The notes are unsecured debt of GS Finance Corp., guaranteed by The Goldman Sachs Group, Inc., with payments linked to the performance of the Russell 2000 Index and the S&P 500 Index. They offer conditional upside and principal protection but no interest payments.
How does the automatic call feature work on the GS autocallable notes?
The notes are automatically called on the call observation date (December 21, 2026, subject to adjustment) if the closing level of each index is at or above its initial level. In that case, on the call payment date investors receive at least $1,105 per $1,000 face amount, and the notes terminate early.
What is the payoff at maturity for these GS index-linked notes if they are not called?
If not automatically called, the cash settlement amount on the stated maturity date depends on the lesser performing index. If both final index levels are above initial, investors receive $1,000 plus 200% of the lesser performing index return. If both are at or above the 85% buffer level but at least one is at or below its initial level, investors receive $1,000. If either index finishes below 85% of its initial level, principal is reduced according to the downside formula and investors may lose a substantial portion of their investment.
What are the key structural terms of the GS (GS) autocallable notes?
Key terms include a face amount of $1,000 per note, a 200% upside participation rate, a buffer level of 85% of each index’s initial level, a 15% buffer amount, and a buffer rate of 100%. The trade date is December 19, 2025, original issue date December 24, 2025, determination date December 20, 2027, and stated maturity date December 27, 2027, each subject to adjustment.
Can investors lose principal on the GS autocallable index-linked notes?
Yes. If the notes are not automatically called and the final level of any index is below its 85% buffer level, the cash settlement amount is reduced based on the lesser performing index return plus the 15% buffer amount, multiplied by the buffer rate and $1,000. In the example table, if the lesser performing index finishes at 21% of its initial level, the payout is 36% of face amount, implying a 64% loss for an investor who bought at par.
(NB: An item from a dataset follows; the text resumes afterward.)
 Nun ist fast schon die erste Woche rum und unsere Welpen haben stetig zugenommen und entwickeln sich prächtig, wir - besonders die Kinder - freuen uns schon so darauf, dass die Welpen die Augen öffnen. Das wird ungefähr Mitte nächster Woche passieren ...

Do the GS autocallable notes pay interest or provide dividends from the indices?
No. The notes do not bear interest, and investors receive no dividends or other distributions from the index constituents. All payments are made in cash at the call payment date or maturity based on the specified formulas.
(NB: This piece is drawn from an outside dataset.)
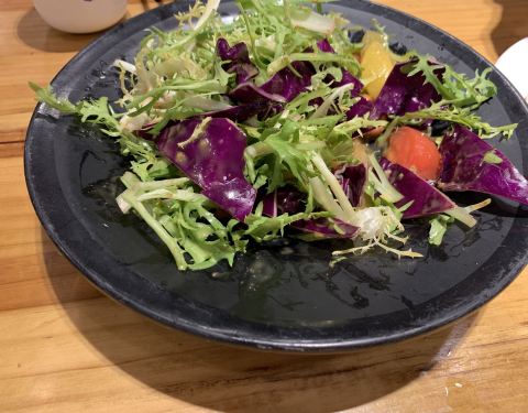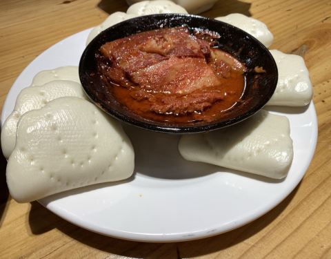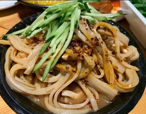 又见一面老菜馆,就在我们住的又见文华大酒店门口,点菜就是去备菜台拿小名片,然后给服务员。上菜还是很快的,点了小酥肉、酱肉馒头、水果蔬菜沙拉和刀削面。沙拉最好吃,里面有芥末。其他的都一般般。

What are the main risks of investing in these GS (GS) notes?
Key risks include potential loss of principal if the lesser performing index falls below its buffer level, no interest payments, credit risk of GS Finance Corp. and The Goldman Sachs Group, Inc., possible illiquidity or unfavorable secondary market prices, a note value that is initially less than the issue price, and uncertain U.S. federal income tax treatment.